__How to complete this task__:
Begin at the line below that has "Kit contains 40". Stop after the line that has "their larval stage.", repeating each line exactly and leaving out the pictures.

__Record extracts__:
-=-=-=-=-
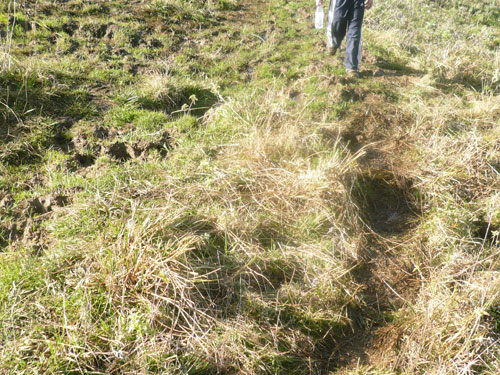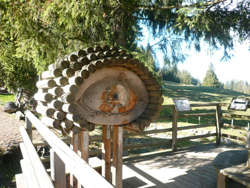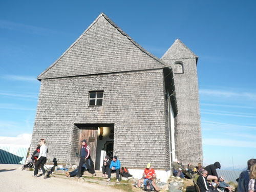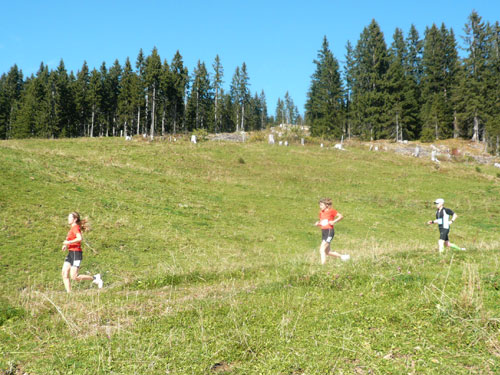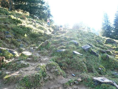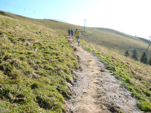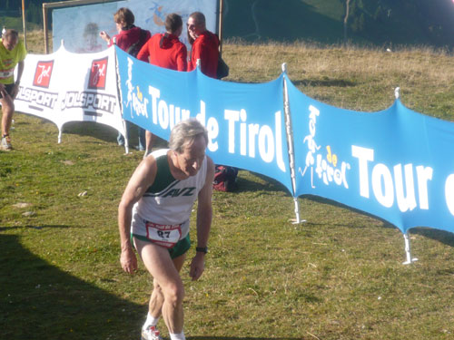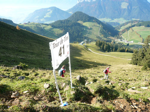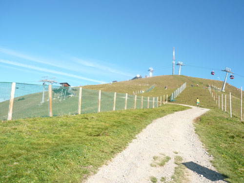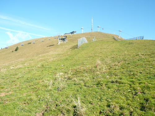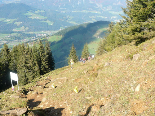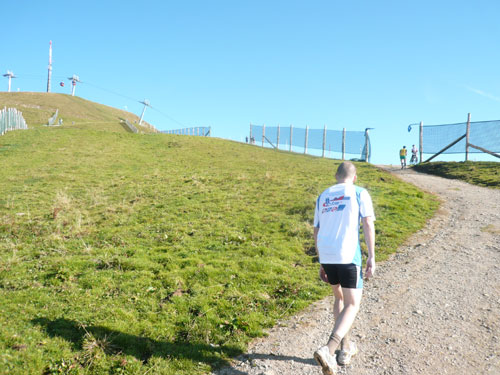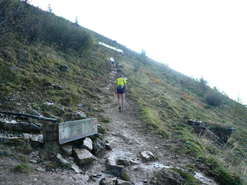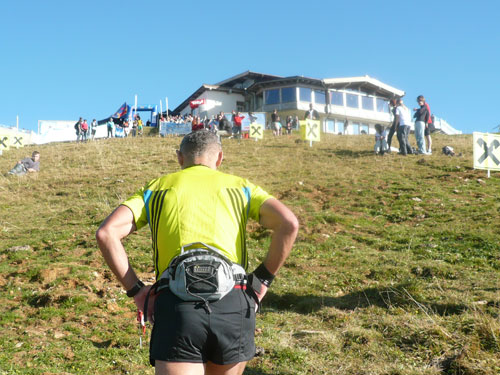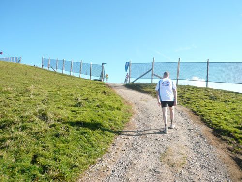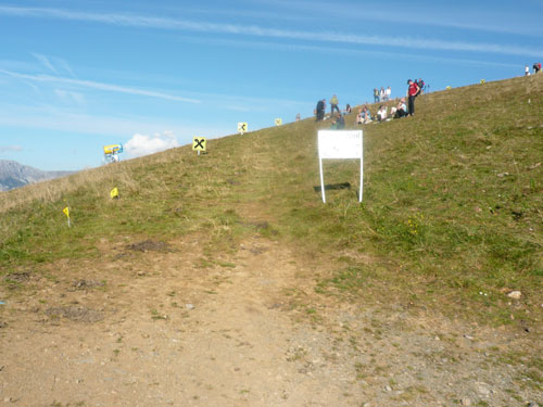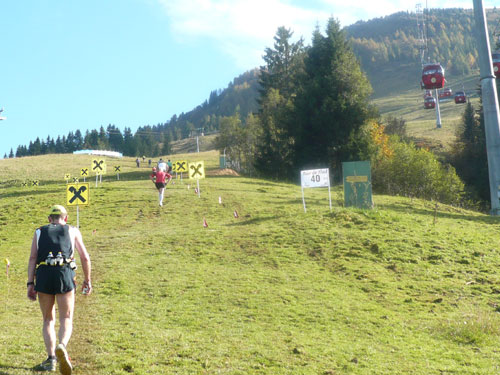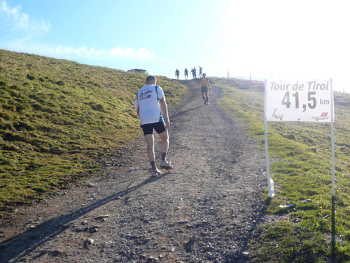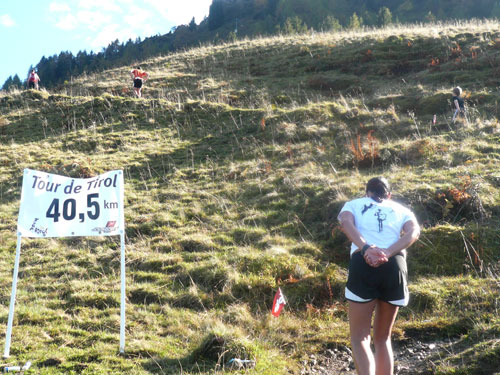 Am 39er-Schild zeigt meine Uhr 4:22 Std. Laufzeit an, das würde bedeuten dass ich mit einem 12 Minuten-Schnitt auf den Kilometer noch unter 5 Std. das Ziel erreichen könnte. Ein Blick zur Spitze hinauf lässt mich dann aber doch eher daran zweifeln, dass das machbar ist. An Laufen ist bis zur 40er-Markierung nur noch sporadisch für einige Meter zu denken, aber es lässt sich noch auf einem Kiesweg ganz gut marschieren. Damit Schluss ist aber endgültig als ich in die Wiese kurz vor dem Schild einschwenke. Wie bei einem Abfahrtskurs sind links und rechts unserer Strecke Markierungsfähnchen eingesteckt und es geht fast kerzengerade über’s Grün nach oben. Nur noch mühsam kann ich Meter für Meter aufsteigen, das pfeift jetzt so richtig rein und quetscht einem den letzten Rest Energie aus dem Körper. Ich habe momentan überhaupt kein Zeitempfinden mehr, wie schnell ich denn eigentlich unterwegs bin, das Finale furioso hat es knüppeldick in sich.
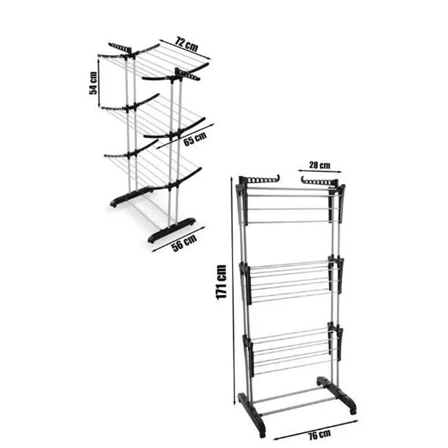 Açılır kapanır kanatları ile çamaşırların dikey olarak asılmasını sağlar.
-=-=-=-=-
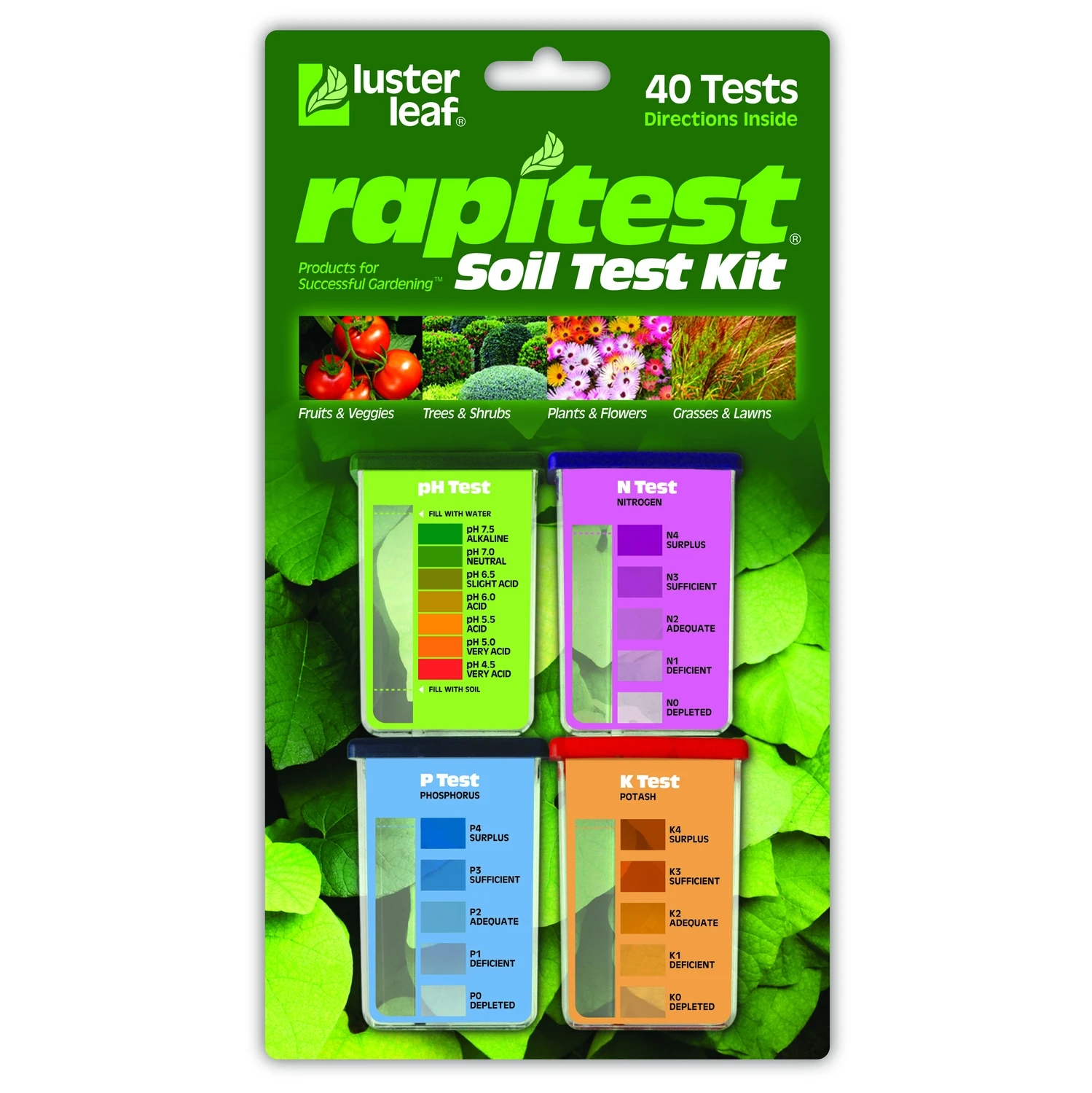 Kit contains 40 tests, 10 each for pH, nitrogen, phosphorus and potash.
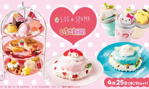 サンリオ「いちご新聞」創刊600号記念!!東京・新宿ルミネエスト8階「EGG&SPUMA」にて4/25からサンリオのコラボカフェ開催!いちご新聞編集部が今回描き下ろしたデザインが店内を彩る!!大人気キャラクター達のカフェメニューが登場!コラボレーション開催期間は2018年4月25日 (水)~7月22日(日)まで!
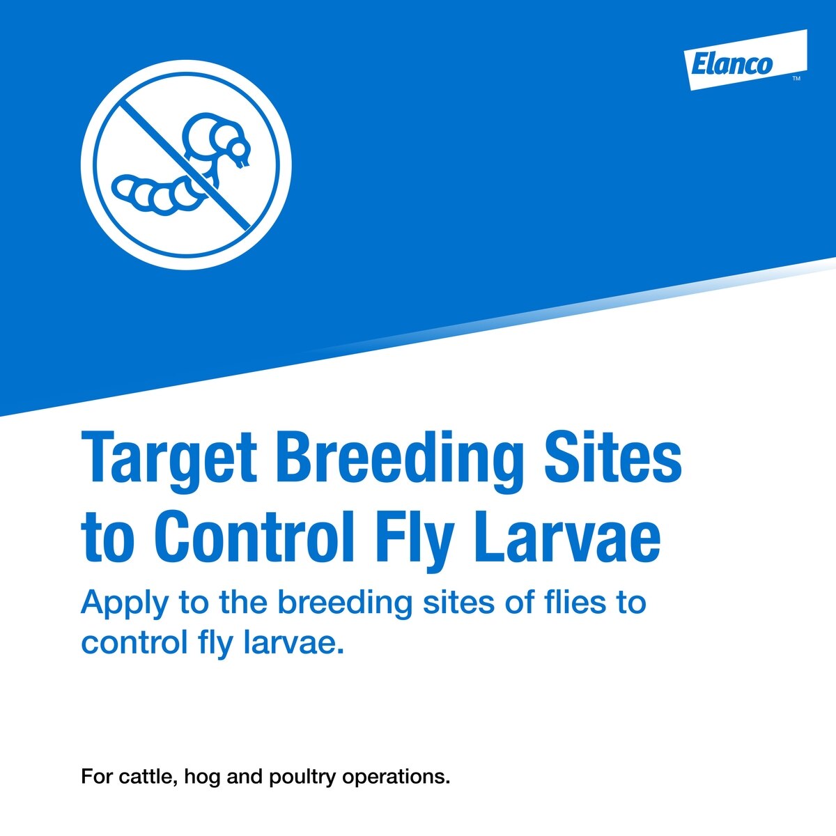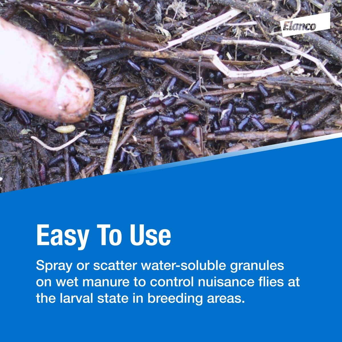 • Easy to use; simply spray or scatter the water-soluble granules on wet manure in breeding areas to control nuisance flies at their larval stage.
-=-=-=-=-
__Exercise solution__:
 Kit contains 40 tests, 10 each for pH, nitrogen, phosphorus and potash.
 サンリオ「いちご新聞」創刊600号記念!!東京・新宿ルミネエスト8階「EGG&SPUMA」にて4/25からサンリオのコラボカフェ開催!いちご新聞編集部が今回描き下ろしたデザインが店内を彩る!!大人気キャラクター達のカフェメニューが登場!コラボレーション開催期間は2018年4月25日 (水)~7月22日(日)まで!
 • Easy to use; simply spray or scatter the water-soluble granules on wet manure in breeding areas to control nuisance flies at their larval stage.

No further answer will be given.